Tuesday, May 8, 2018

Afraid to Love

1 John 4:7-21

What are you afraid of?  Intellectually I’m not afraid of much. I don’t like scary movies, but, sitting in this room with people I know and love, I can say:  I am not afraid.  All my life I have enjoyed doing stuff this side of dangerous.  I love roller coasters and motorcycle rides.  I love to travel and most places in this world do not scare me.  I’ve even traveled to Venezuela by myself.  I’m not afraid of spiders or bugs.  I am not afraid of heights or tight spaces.  I am the one who is typically willing to try anything. 

Except that I’m not.  I thought I was a reasonable person.  I thought I was fearless… until Jay and I took the girls ziplining.  Here I am, the girl who always wanted to hang-glide, wanted to soar like the birds…. And standing on that platform, I was terrified.  I finished the course, screaming, miserable, holding on for dear life.  Not that holding on would have done any good…. If I was on a platform I was fine but the minute it was my turn to trust this wire to hold me, my knees went weak, my hands grew clammy, and my heart raced. 
Maybe hang-gliding sounds better if I watch someone else do it. 
Our scripture says that perfect love casts out fear.  Well, clearly, I don’t have perfect love. 

Fear is one of those things that God gave us to protect us.  We fear the dark, scared of a person with a gun, scared of eating certain foods, scared of going places we perceive to be dangerous, scared of heights, scared of snakes.  All these things protect us from potential danger.  If we didn’t fear we would have all walked off the edge of cliff or tried to pick up poisonous snakes a long time ago and our species would be extinct. 
So then, what is 1st John telling us?  Is John telling us if we love God enough we won’t be afraid?  No, what he’s saying is that a relationship with God changes how we perceive fear.  He is telling us because God is love.  Because God loves you, you don’t have to be afraid.  You don’t have to worry about the decisions you made as a youth.  You don’t have to worry that you don’t pray enough or read the Bible enough or work hard enough.  That type of fear is a perversion of God’s love used to manipulate others into specific behaviors.  

Many of you may have heard of “scared straight”.  It was a program designed to take teenagers who were in the court system and give them tours of adult prisons and have adult inmates talk about their crimes and how horrible prison is.  The idea is that if kids saw what the consequences would be, they would be less likely to commit a crime. The interesting thing about this theory is that they were wrong.  Kids who went through “scared straight” were significantly more likely to end up in the prison system.  You see, fear is only a temporary protective factor.  https://www.crimesolutions.gov/PracticeDetails.aspx?ID=4

Fear may prevent me from Bunge jumping but after I watch enough people do it, after I have done it once, and survived, the fear response gets diminished.  God created us this way too because some fears are irrational.

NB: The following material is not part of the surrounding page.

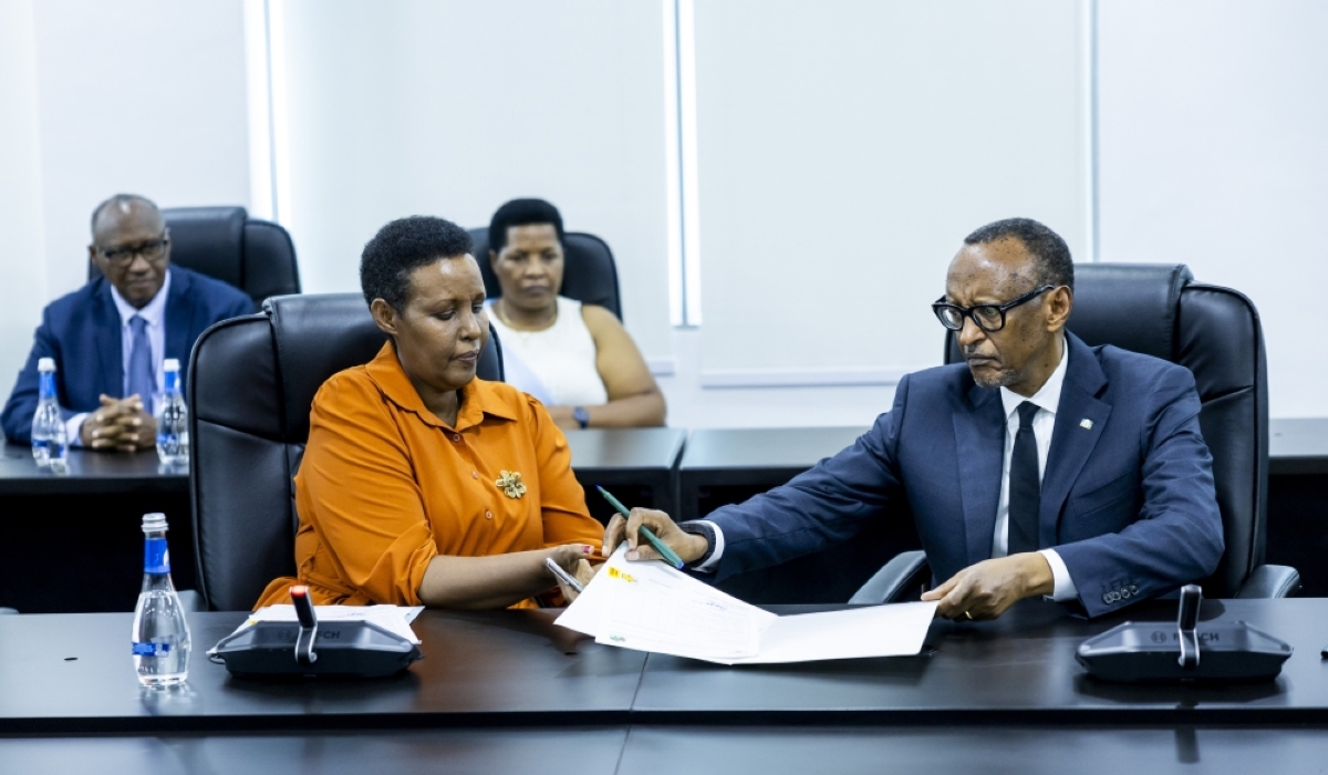 President Paul Kagame (R) presents his candidature to the Chairperson of the National Electoral Commission, Oda Gasinzigwa, on May 17, 2024, as he seeks re-election as the Head of State (courtesy)

Some fears need to be overcome.  1st John tells us over and over, God is love. Scripture tells us over and over, God loves you.  For God so loved the world.  This perfect love is a perfect gift from God and is given to those who trust God and accept that love so that we can follow God without fear.  Lasting positive behaviors and choices stem from love, not fear.  God does not want us to be afraid of him. 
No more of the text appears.